Ludlow and Diskant pose as dirty cops, forcing Scribble to arrange a meeting with the killers masquerading as Fremont and Coates. Diskant recognizes them, but he and Scribble are killed in the ensuing gunfight. Ludlow kills both assailants, but sees on the news that they were Los Angeles County Sheriff's Department deputies.

Declared a "cop killer", Ludlow is arrested by fellow detectives Santos and Demille, who admit to killing the real Fremont and Coates and planting evidence to frame them for Washington's murder. He realizes that Washington was actually informing on Wander, who is the one behind the evidence room theft. Before Santos and Demille can execute him, Ludlow manages to break free and kill both of them. He saves Linda from Sergeant Mike Clady, sent by Wander to recover the surveillance footage and kill her, subduing him and locking him in his trunk.

Ludlow confronts Wander at home, handcuffing him after a brawl. Wander confesses that he has incriminating evidence against high-ranking officials to use to become LAPD chief and, eventually, mayor. Revealing a stash of ill-gotten money and blackmail documents hidden inside his walls, Wander declares his actions were for the sake of Ludlow and their unit, but Ludlow shoots him dead. Biggs arrives, admitting he used Ludlow to bring down Wander on behalf of those in power, and tells him that the department still needs him.

==Production==
In 1997, David Fincher had entered negotiations to direct the film, under its original title The Night Watchman, from a screenplay by James Ellroy for New Regency and Warner Bros.

In 2004, it was announced that Spike Lee would be directing the film for a 2005 release. In 2005, it was announced that Oliver Stone was in talks to direct the film. However, Stone later denied this. Training Day screenwriter David Ayer took over the project.
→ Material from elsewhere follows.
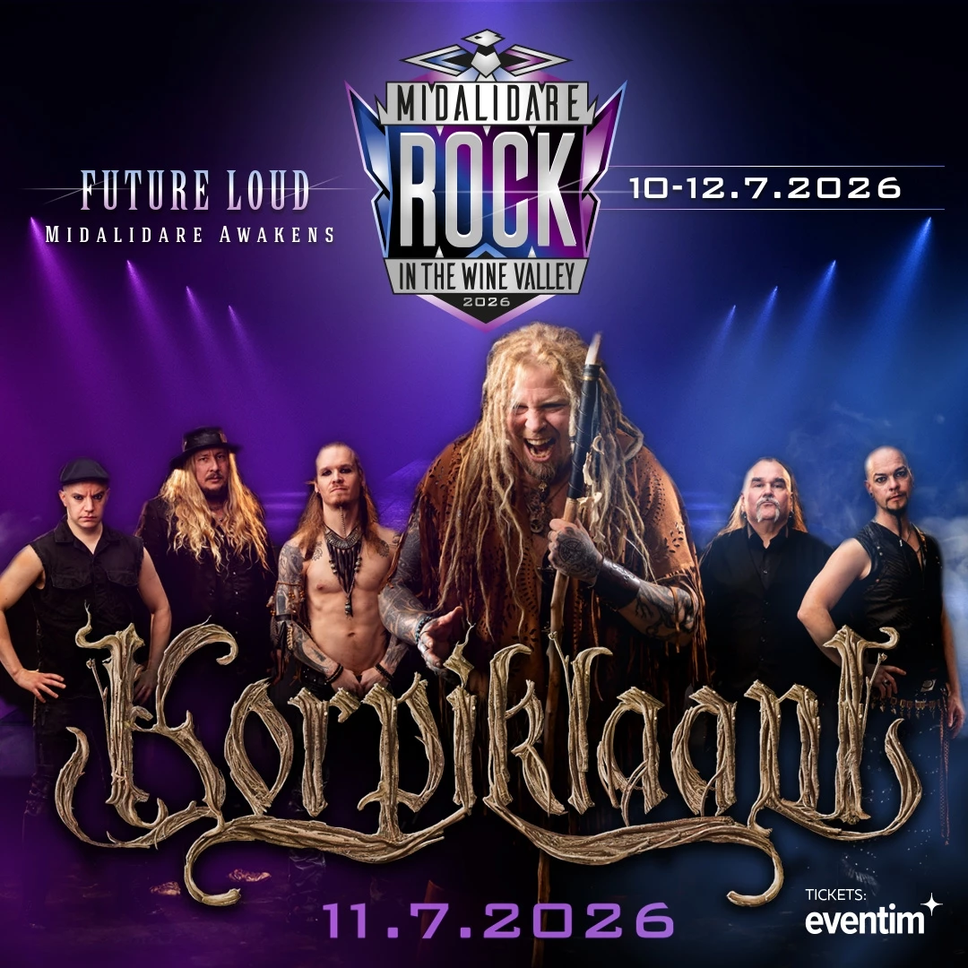 Фолкметълите от Финландия, Korpiklaani ще видим във втория ден на фестивала - 11 юли. Известни преди като Shamaani Duo и Shaman. за разлика от други фолк метъл банди, които започват с метъл и после добавят фолк, Korpiklaani стартират с фолк, преди да добавят и метъл към звученето си. Името на групата на фински език се превежда "Клан от пустошта", а в разговорния език "korpi" означава тъмна стара гора.

On February 5, 2008, it was announced that Fox Searchlight Pictures changed the film's title from The Night Watchman to Street Kings.

==Reception==
===Critical response===
On Rotten Tomatoes 37% of 150 reviews of the film are positive with average rating of 5.11/10. The site's consensus reads, "Street Kings contains formulaic violence but no shred of intelligence." On Metacritic, the film has a score of 55 out of 100 based on 28 critics, indicating "mixed or average reviews".

===Box office===
In its opening weekend, the film grossed $12.5 million from 2,467 theaters, finishing second at the box office. It went on to gross $26.4 million domestically and $39.2 million internationally for a total of $65.6 million.

== Home media ==

The DVD was released on August 19, 2008, as a single-disc offering with director commentary, and 2-disc special-edition set with numerous documentaries, interviews and a digital copy of the film. It is also available on Blu-ray disc with all the special features of the 2-disc DVD version. By January 2009, the film had made $14.6 million from DVD sales.

==Sequel==
The film is followed by a sequel, Street Kings 2: Motor City, released direct-to-video in 2011. Other than both featuring Clifton Powell (playing different roles), the films are unrelated.